…
店の中に一人残された悠真は、出入口の外へ飛び出した。
エレベータに向かって歩き去る四人の男の背が見えた。
三人に取り囲まれた安村は、ひと際大柄で悠然としている様子である。
その天井に届きそうな巨大な体躯が、エレベータホールの手前辺りで足をひねったのか、あるいは滑らせたのか、ほんの少しよろめいて見えた。
(……あ!)
思わず悠真が声なき声を上げた。と同時に、安村が両手の拳を固めて左を歩くリーゼントの男の腹を、目を見張るスピードで続けざまに殴打した。
「おあたたたたたたたたたたた!」
男が壁に打ち付けられ、呻きながら床に崩れると、その反対側に立っていた眼鏡の男が慌てて懐へ手を忍ばせた。
その右手で小型拳銃を突き出して構えようとしたが、安村はそれをすぐさま蹴り上げた。
「こんな至近距離で拳銃なんか役に立つもんか! この素人めが!」
すぐさま深井も反撃を試みるが、驚きと焦りで、やはり拳銃が手につかない。
「へっ! あばよ!」
安村は丸々に太った見かけによらず素早い動きで、すぐそばの扉を押し開けて転がり込んだ。
「待て!」
拳銃を拾い上げたメガネ男が追いかけようとするも、その金属製の扉が勢いよく閉まり顔をぶつけて、眼鏡が吹き飛んだ。
深井が駆け寄り扉のノブを握ったが、どうやら開かないようである。
眼鏡男が代わるが、力任せに押しても引いても開かない。
ふと見上げた深井はうめいた。
「非常口、か? ここから逃げる気だな。
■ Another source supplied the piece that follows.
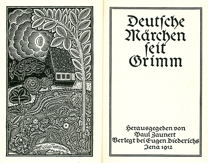 Deutsche Märchen seit Grimm. Hrsg. von Paul Zaunert. (= Die Märchen der Weltliteratur, hrsg. von Fr.v.d. Leyen u. Paul Zaunert). Jena, Diederichs 1912. 416 S. mit Frontispizillustrationen u. zahlr. Vignetten von H. F. Ernst Schneidler, OPp. mit farbig gemustertem Überzugspapier u. Ganzfarbschnitt (Rücken etw. verblasst u. mit kl. Druckstelle). Innendeckel mit einem schönen Exlibris. Insgesamt gutes Exemplar. 1. Auflage.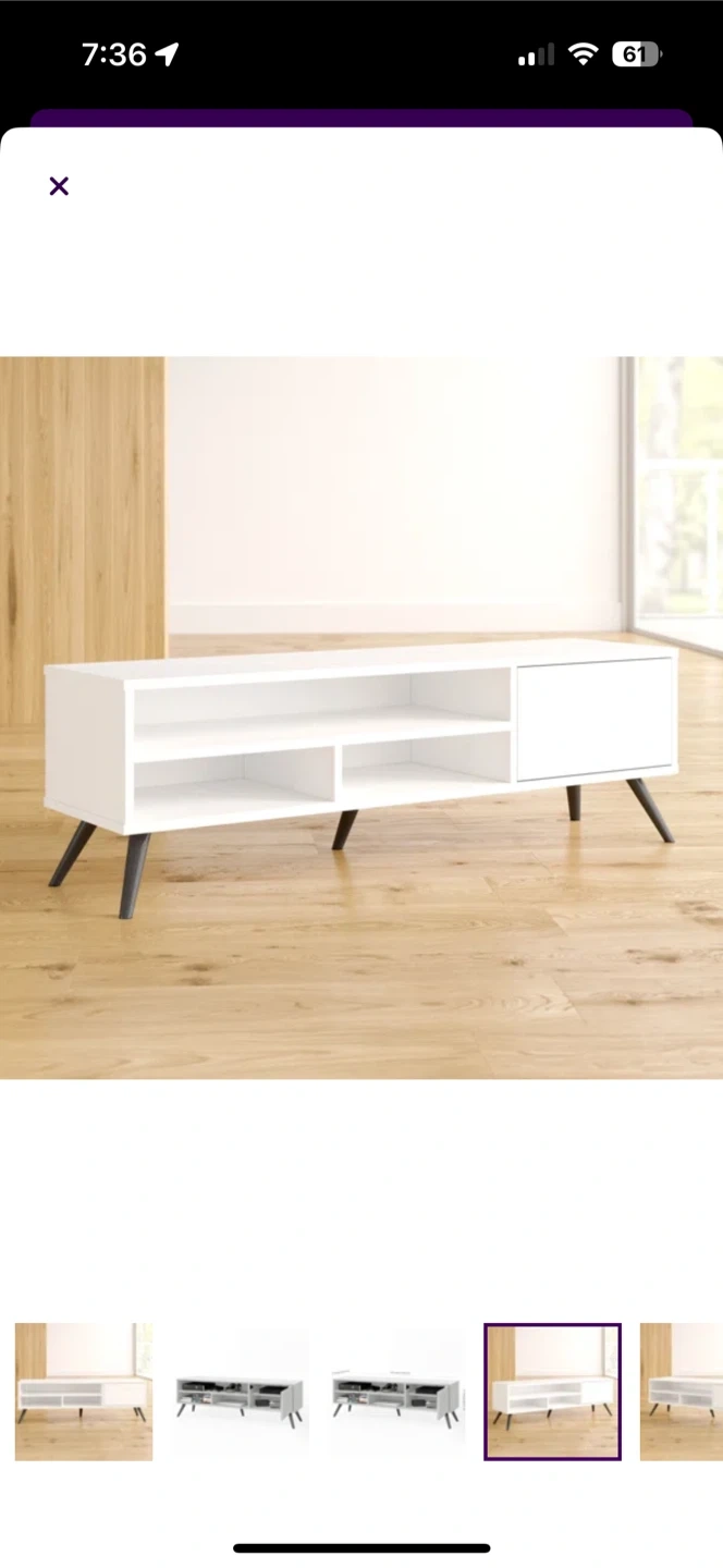 Selling a white TV stand in great condition! It fits TVs up to 60 inches.

内側から鍵を掛けやがった」
眼鏡男は拳銃片手に、エレベータの前に滑り込み、ボタンをガチャガチャと乱暴に押す。
その一部始終を目の当たりにして、悠真は「カフェ・マドリッド」の前で呆然と立ち尽くしていた。
エレベータがすぐに来ないらしく、深井が苛立ち紛れにその扉に蹴りを入れているのが見える。
その脇で腹をおさえながら電話を掛けていたリーゼントの男が首を振った。